Reputation: 779
from scrapy import Spider
from scrapy.http import Request
class AuthorSpider(Spider):
name = 'book'
start_urls = ['https://www.amazon.sg/s?k=Measuring+Tools+%26+Scales&i=home&crid=1011S67HHJSEW&sprefix=measuring+tools+%26+scales%2Chome%2C408&ref=nb_sb_noss']
def parse(self, response):
books = response.xpath("//h2/a/@href").extract()
for book in books:
url = response.urljoin(book)
yield Request(url, callback=self.parse_book)
def parse_book(self, response):
rows = response.xpath('//table[@id="productDetails_techSpec_section_1"]//tr')
table={}
for row in rows:
brand = row.xpath("//th[@class='a-color-secondary a-size-base prodDetSectionEntry' and contains(text(), 'Brand')]/following-sibling::td/text()").get()
asin = row.xpath("//th[@class='a-color-secondary a-size-base prodDetSectionEntry' and contains(text(), 'ASIN')]/following-sibling::td/text()").get().replace('\u200e',"")

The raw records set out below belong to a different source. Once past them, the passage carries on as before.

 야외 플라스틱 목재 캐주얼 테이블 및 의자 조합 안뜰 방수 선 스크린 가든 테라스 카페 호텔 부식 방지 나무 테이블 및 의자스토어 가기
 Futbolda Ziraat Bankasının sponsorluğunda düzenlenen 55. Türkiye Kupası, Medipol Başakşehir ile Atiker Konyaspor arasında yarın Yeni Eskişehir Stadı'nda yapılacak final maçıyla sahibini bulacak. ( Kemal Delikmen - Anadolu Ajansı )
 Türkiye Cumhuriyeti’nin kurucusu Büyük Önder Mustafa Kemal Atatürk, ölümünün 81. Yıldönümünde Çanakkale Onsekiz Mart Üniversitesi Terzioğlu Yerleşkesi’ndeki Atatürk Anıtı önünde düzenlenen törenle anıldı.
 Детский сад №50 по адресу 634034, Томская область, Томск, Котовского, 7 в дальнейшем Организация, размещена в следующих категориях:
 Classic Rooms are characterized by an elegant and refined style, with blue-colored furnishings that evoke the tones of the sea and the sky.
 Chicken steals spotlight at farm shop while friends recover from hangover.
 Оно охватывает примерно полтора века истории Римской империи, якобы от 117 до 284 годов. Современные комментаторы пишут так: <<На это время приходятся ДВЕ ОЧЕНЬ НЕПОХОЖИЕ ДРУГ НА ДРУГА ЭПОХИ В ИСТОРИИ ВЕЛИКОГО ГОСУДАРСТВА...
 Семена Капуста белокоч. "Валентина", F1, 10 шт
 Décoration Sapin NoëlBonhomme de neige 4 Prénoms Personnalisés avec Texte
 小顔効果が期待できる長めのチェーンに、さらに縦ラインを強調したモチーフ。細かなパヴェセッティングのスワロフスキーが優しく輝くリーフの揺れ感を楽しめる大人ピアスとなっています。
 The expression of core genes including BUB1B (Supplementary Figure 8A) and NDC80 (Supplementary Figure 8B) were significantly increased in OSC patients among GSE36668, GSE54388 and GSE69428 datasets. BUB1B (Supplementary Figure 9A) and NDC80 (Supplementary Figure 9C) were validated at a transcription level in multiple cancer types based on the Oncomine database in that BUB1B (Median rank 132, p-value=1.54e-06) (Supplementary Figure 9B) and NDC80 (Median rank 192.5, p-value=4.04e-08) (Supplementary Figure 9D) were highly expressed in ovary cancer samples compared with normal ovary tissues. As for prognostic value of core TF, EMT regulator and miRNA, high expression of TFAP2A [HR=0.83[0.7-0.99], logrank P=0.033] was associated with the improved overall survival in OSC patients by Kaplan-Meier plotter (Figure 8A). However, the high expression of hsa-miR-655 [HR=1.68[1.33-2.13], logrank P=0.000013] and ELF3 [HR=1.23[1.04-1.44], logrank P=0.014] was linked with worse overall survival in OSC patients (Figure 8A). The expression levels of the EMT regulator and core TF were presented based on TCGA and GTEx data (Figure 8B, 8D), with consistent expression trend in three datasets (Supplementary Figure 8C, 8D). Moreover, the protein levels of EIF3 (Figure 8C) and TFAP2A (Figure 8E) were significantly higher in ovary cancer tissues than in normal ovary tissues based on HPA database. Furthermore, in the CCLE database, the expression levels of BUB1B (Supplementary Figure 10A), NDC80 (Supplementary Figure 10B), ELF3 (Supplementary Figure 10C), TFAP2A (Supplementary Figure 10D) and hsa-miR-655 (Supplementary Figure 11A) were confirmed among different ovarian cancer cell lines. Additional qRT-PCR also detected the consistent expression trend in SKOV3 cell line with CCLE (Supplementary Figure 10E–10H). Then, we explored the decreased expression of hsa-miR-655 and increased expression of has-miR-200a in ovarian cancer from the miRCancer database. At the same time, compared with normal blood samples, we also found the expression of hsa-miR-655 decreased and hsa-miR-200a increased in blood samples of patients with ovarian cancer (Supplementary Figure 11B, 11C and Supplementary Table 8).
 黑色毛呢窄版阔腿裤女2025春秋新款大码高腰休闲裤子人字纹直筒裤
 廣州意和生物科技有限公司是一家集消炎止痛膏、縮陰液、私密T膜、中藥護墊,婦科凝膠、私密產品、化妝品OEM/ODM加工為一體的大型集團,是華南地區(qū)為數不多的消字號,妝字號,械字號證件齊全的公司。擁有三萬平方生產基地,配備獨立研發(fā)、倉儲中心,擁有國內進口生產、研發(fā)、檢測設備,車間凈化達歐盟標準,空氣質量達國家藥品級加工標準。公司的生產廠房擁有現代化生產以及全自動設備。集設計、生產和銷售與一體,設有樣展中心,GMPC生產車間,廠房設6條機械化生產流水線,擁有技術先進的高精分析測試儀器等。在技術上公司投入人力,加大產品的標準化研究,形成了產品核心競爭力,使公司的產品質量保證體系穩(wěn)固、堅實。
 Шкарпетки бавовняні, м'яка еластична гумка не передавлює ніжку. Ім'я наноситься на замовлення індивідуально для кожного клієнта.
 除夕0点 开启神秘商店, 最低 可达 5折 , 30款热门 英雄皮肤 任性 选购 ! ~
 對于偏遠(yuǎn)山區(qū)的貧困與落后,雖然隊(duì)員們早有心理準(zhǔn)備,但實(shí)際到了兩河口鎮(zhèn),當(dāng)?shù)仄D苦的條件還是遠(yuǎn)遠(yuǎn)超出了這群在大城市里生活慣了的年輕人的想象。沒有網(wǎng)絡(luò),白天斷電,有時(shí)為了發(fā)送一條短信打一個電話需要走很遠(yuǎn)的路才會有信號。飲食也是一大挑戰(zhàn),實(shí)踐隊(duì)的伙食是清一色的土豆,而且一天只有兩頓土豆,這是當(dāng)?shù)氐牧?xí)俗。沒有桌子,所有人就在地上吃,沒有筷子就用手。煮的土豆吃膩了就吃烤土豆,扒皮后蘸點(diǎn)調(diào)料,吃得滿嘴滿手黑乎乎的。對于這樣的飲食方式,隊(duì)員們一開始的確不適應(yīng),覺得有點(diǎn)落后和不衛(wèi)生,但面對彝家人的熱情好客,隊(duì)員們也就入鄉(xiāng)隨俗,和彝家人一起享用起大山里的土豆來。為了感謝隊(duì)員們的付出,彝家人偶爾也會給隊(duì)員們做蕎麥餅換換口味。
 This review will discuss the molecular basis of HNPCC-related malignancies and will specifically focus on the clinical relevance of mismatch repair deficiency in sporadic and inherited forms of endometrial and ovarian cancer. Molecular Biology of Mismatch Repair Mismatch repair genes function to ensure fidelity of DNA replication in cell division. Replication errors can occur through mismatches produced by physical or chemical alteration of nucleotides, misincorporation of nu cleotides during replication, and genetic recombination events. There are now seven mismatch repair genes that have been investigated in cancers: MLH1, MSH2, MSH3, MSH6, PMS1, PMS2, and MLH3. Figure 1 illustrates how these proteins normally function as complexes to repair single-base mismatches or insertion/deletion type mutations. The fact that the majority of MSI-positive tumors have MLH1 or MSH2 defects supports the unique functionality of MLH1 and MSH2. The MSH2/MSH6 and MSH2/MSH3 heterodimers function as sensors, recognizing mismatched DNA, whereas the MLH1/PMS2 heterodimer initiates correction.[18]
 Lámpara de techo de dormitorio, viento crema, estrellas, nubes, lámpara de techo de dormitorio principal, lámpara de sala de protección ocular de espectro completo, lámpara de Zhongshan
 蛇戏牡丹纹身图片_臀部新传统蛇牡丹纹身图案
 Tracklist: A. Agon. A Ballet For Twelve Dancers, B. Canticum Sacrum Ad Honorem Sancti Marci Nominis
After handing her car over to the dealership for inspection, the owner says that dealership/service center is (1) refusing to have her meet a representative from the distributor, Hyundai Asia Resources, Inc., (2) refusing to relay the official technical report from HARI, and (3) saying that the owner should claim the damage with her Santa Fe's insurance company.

table.update({'Brand':brand,'Asin':asin})
yield table
I want to scrape only brand
and ASIN
from the table I scape the text from the product information
these is the link https://www.amazon.sg/Etekcity-Accurate-Measuring-Packages-Stainless/dp/B08BPB9T1N/ref=sr_1_1?crid=1011S67HHJSEW&keywords=Measuring%2BTools%2B%26%2BScales&qid=1643125635&s=home&sprefix=measuring%2Btools%2B%26%2Bscales%2Chome%2C408&sr=1-1&th=1
Upvotes: 0
Views: 99
Reputation: 1128
If you just need brand and ASIN you don't need to iterate through the whole table. You can use xpath to directly select those attributes. One way to do it is using following.
brand = response.xpath("//th[@class='a-color-secondary a-size-base prodDetSectionEntry' and contains(text(), 'Brand')]/following-sibling::td/text()").get()
asin = response.xpath("//th[@class='a-color-secondary a-size-base prodDetSectionEntry' and contains(text(), 'ASIN')]/following-sibling::td/text()").get()
You might need to clean up the resulting text a bit using str().strip(). All this xpath is saying is "find the th tag with the right class and with a text of 'Brand' or 'ASIN' then look ahead to the next TD tag and grab that text."
Upvotes: 1